Lenguas de signos

Las lenguas de signos son parte importante de la diversidad lingüística europea. Estas lenguas, sirviéndose de las señas, llegan a ser en gramática, estructura, sintaxis y léxico tan ricas como las habladas. En general, cada una de las lenguas habladas de la Unión Europea tiene su equivalente de signos.

¿De qué se trata?

Las lenguas de signos son parte importante de la diversidad lingüística europea. Estas lenguas, sirviéndose de las señas, llegan a ser en gramática, estructura, sintaxis y léxico tan ricas como las habladas. En general, cada una de las lenguas habladas de la Unión Europea tiene su equivalente de signos. Por falta de cifras fiables es difícil saber con exactitud cuántas personas utilizan lenguas de signos en la UE.

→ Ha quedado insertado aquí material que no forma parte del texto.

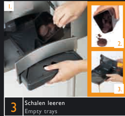
3 Schalen leeren Empty trays

Se calcula que una de cada 1.000 personas tiene como primera lengua una lengua de signos nacional: unas 500.000 en toda la UE. Hay otras que utilizan una lengua de signos como segunda o tercera lengua: por ejemplo, los familiares y allegados de las personas sordas o con discapacidad auditiva.

¿Por qué es necesario?

Para que las personas sordas se integren en la sociedad europea, la Comisión quiere garantizar que puedan:

  • utilizar una lengua de signos en su país como medio oficial de comunicación
  • acceder a la educación
  • acceder al empleo.

¿Qué se ha hecho hasta ahora?

Para que las personas sordas puedan trabajar y aprender en la lengua de su elección, la Comisión, conjuntamente con el Parlamento Europeo, promueve las lenguas de signos y apoya las medidas para hacerlas oficiales.

Entre las iniciativas cabe citar:

  • Dicta-Sign, proyecto de investigación de tres años de duración, financiado por la UE, que intenta hacer la comunicación online más accesible a los usuarios sordos de la lengua de signos
  • SignSpeak, innovadora iniciativa para mejorar la comunicación entre hablantes y oyentes de estas lenguas gracias a una tecnología de interpretación visual de la lengua de signos.

¿Cuáles son las próximas etapas?

La Comisión seguirá apoyando medidas para favorecer la integración en la sociedad de las personas con discapacidad auditiva trabajando conjuntamente con las organizaciones y los colectivos interesados, pero también a través de su programa Erasmus+.